▽
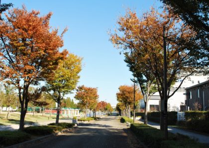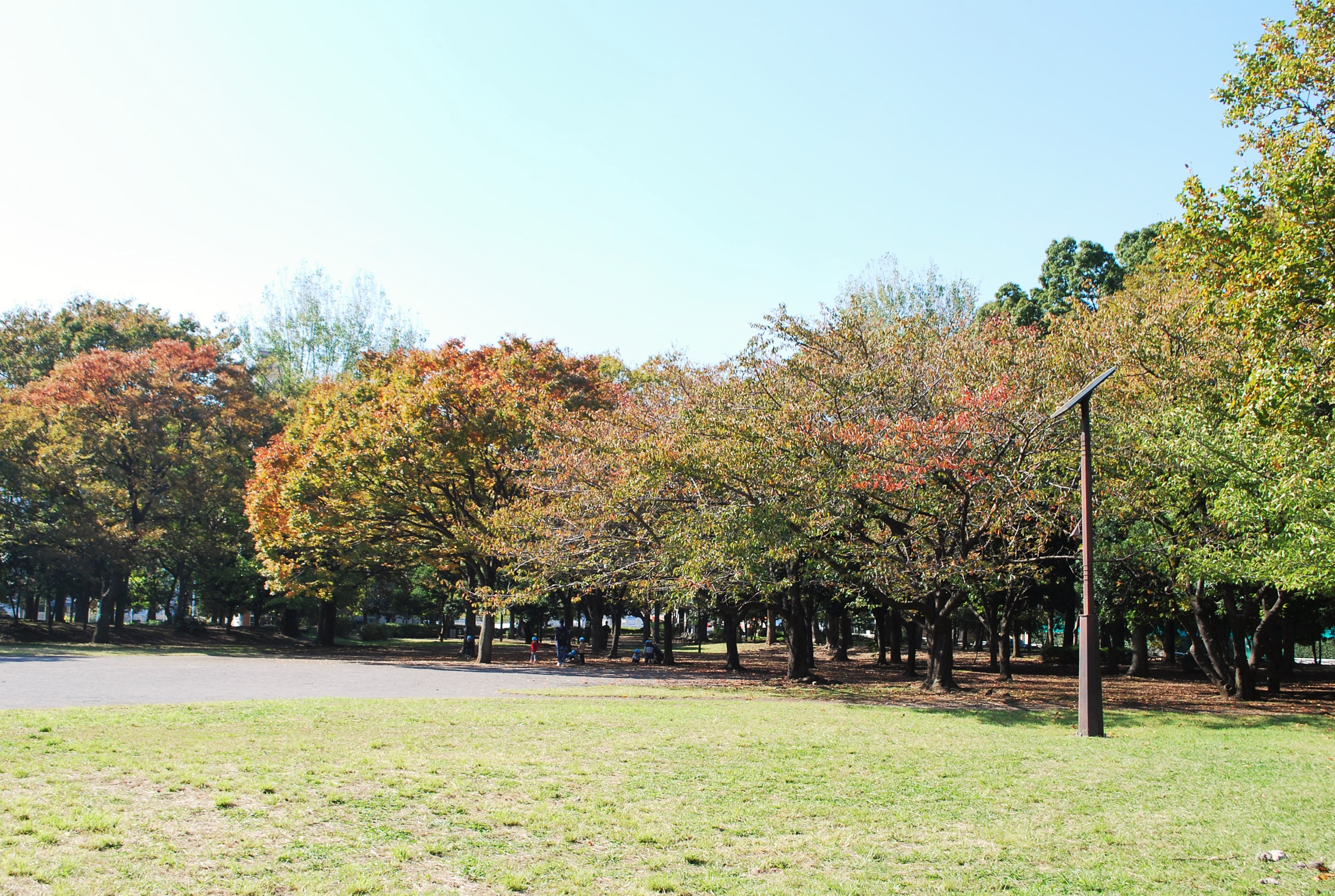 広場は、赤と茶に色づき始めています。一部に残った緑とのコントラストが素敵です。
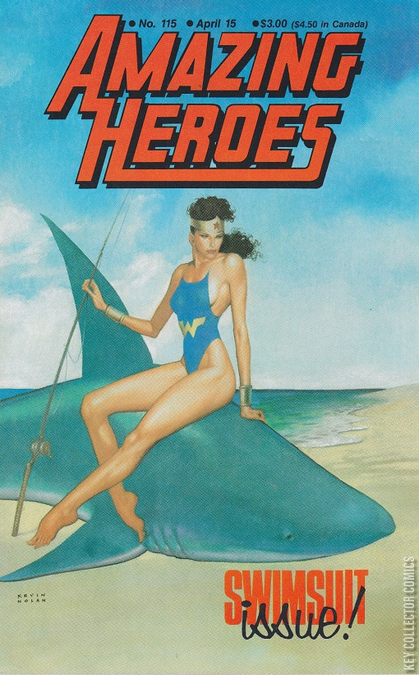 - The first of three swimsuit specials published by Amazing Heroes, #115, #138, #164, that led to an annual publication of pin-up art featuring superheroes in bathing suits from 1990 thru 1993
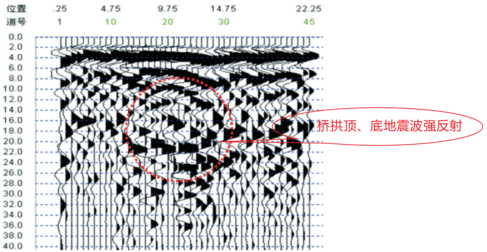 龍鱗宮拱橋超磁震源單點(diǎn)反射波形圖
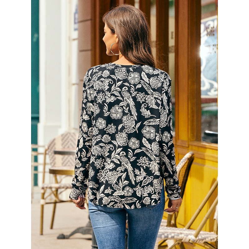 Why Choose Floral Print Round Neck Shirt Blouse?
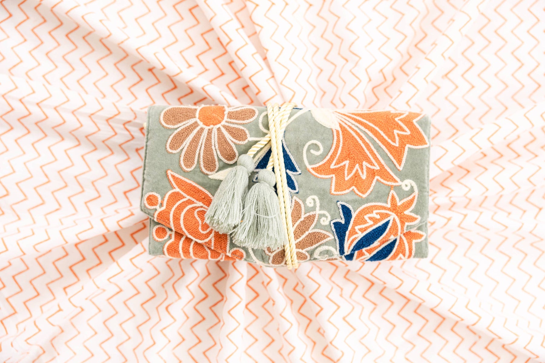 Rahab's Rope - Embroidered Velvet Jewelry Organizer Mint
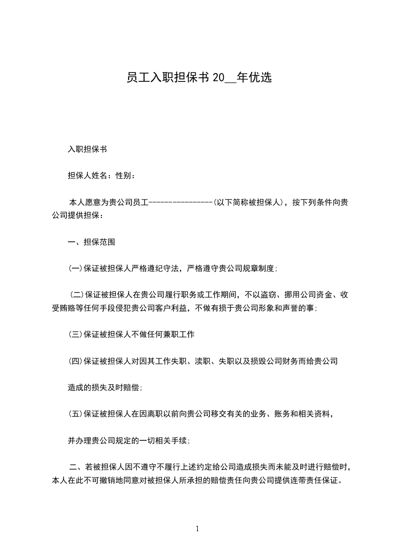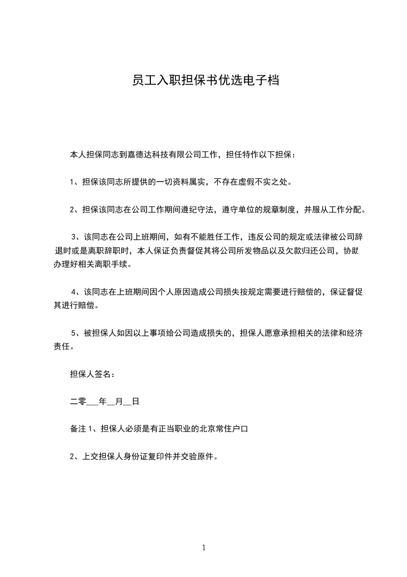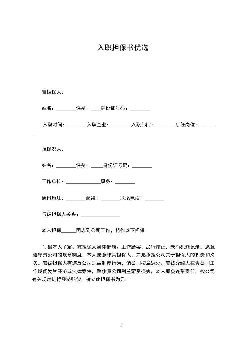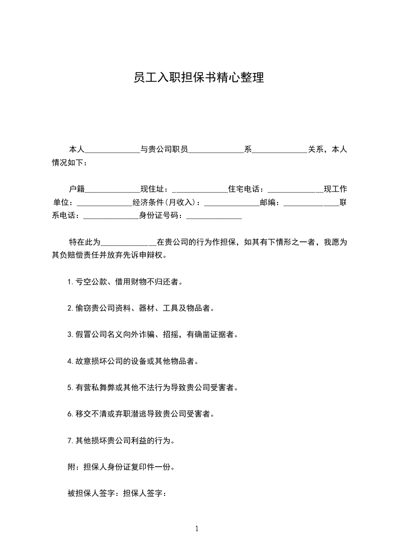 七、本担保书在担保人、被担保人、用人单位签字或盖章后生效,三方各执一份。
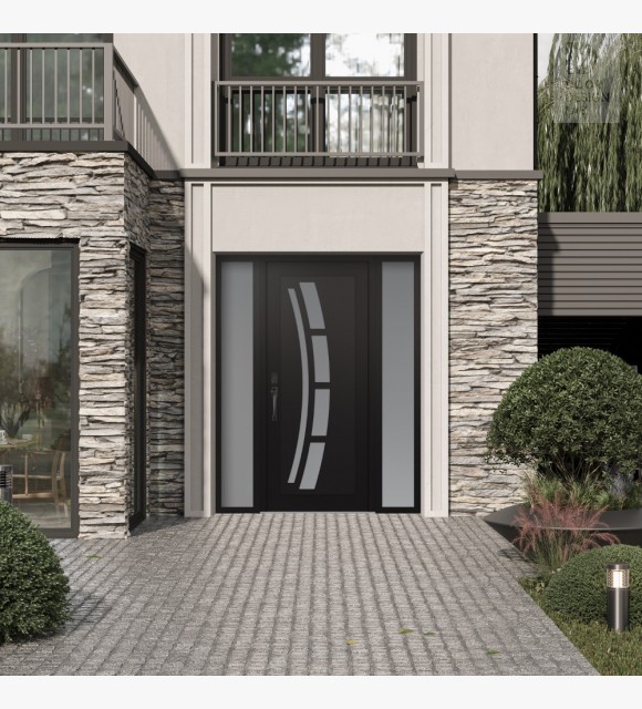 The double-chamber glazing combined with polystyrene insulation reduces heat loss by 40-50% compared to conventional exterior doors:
△
**DIRECTIONS FOR THIS TASK**. Repeat exactly the lines from the start of the entries down to the line with "七、本担保书在担保人、被担保人、用人单位签字或盖章后生效,三方各执一份。", keeping both ends but none of the pictures.

**SOLUTION TO THIS TASK**.
 広場は、赤と茶に色づき始めています。一部に残った緑とのコントラストが素敵です。
 - The first of three swimsuit specials published by Amazing Heroes, #115, #138, #164, that led to an annual publication of pin-up art featuring superheroes in bathing suits from 1990 thru 1993
 龍鱗宮拱橋超磁震源單點(diǎn)反射波形圖
 Why Choose Floral Print Round Neck Shirt Blouse?
 Rahab's Rope - Embroidered Velvet Jewelry Organizer Mint
 七、本担保书在担保人、被担保人、用人单位签字或盖章后生效,三方各执一份。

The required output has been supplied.